Resource links provided by NLM:


Further study details as provided by GlaxoSmithKline:

Primary Outcome Measures:
  • Number of Subjects Seroprotected for Poliovirus Types 1, 2 and 3 Antibodies Above the Cut-off Value [ Time Frame: One month after Poliorix™ booster vaccination. ] [ Designated as safety issue: No ]
    A seroprotected subject was defined as a vaccinated subject whose antibody titer is greater than or equal to (≥) 8 ED50. This outcome measure concerns subjects in the Poliorix Group only.

  • Number of Subjects Seroprotected for Poliovirus Types 1, 2 and 3 Antibodies Above the Cut-off Value [ Time Frame: Before booster vaccination. ] [ Designated as safety issue: No ]
    A seroprotected subject was defined as a vaccinated subject whose antibody titer is greater than or equal to (≥) 8 ED50.

  • Antibody Titres Against Poliovirus Type 1, 2 and 3 [ Time Frame: One month after Poliorix™ booster vaccination. ] [ Designated as safety issue: No ]
    Antibody titers were summarized by geometric mean titers (GMTs) with their 95% CIs. This outcome measure concerns subjects in the Poliorix Group only.

  • Antibody Titres Against Poliovirus Type 1, 2 and 3. [ Time Frame: Before booster vaccination. ] [ Designated as safety issue: No ]
    Antibody titers were summarized by geometric mean titers (GMTs) with their 95% CIs.


Secondary Outcome Measures:
  • Number of Subjects With Any and Grade 3 Solicited Local Symptoms [ Time Frame: Within 4-days (Days 0-3) post Poliorix™ booster vaccination. ] [ Designated as safety issue: No ]
    Solicited local symptoms assessed were pain, redness and swelling. Any = occurrence of the symptom regardless of intensity grade. Grade 3 pain = pain that prevented normal activity. Grade 3 pain = Cry when limb was moved/spontaneously painful. Grade 3 redness/swelling = redness/swelling spreading beyond 30 millimeters (mm) of injection site. This outcome measure concerns subjects in the Poliorix Group only.

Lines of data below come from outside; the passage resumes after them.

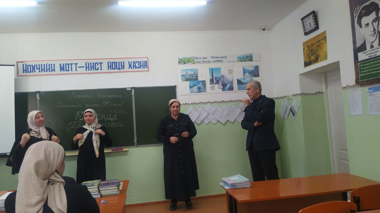 11 марта провели семинар- совещание для учителей чеченского, русского и английского языков на тему : 'Реализация проекта «ПРОчтение» в школе. Обсуждались проблемы, учителя делились с опытом работы.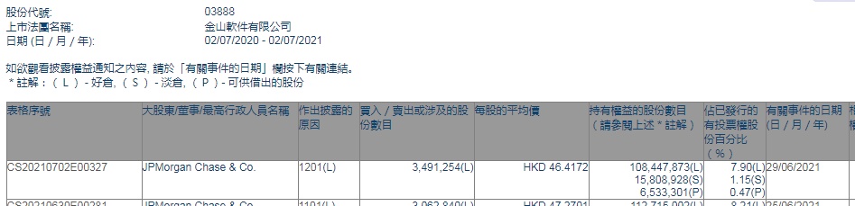 智通财经APP获悉,香港联交所最新资料显示,6月29日,摩根大通减持金山软件(03888)349.1254万股,每股作价46.4172港元,总金额约1.62亿港元,减持后最新持股数目约为1.08亿股,最新持股比例为7.90%。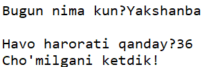 kun = input("Bugun nima kun?")

  • Number of Subjects With Any, Grade 3 and Related Solicited General Symptoms. [ Time Frame: Within 4-days (Days 0-3) post Poliorix™ booster vaccination. ] [ Designated as safety issue: No ]
    Solicited general symptoms assessed include drowsiness, irritability, loss of appetite and fever (defined as axillary temperature ≥37.0°C). Any was defined as incidence of the specified symptoms regardless of intensity or relationship to study vaccine. Grade 3 drowsiness was defined as drowsiness that prevents normal activities. Grade 3 fever was defined as fever (axillary temperature) >39.0°C. Grade 3 irritability was defined as crying more than usual/ interferes with normal activities. Grade 3 loss of appetite was defined as not eating at all. Related = symptom assessed by the investigator as related to the vaccination. This outcome measure concerns subjects only in the Poliorix Group.

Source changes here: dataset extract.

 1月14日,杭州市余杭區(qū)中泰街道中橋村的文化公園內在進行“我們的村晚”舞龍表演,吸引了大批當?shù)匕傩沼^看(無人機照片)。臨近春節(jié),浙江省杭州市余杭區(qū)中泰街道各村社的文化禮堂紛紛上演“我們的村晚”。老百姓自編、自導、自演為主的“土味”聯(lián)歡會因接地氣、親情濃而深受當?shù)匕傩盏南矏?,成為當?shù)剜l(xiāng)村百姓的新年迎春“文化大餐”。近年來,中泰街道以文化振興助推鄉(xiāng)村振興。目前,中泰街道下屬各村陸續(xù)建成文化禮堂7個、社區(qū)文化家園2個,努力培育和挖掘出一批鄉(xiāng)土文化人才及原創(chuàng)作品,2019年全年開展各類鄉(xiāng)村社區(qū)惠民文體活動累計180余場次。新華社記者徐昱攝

  • Number of Subjects Reporting Any Unsolicited Adverse Event (AE) [ Time Frame: Within the 31-day follow-up period after the Poliorix™ booster vaccination. ] [ Designated as safety issue: No ]
    An unsolicited AE covers any untoward medical occurrence in a clinical investigation subject temporally associated with the use of a medicinal product, whether or not considered related to the medicinal product. Any was defined as an adverse event (AE) reported in addition to those solicited during the clinical study. Any solicited symptom with onset outside the specified period of follow-up for solicited symptoms was reported as an unsolicited adverse event. This outcome measure concerns subjects in the Poliorix Group only.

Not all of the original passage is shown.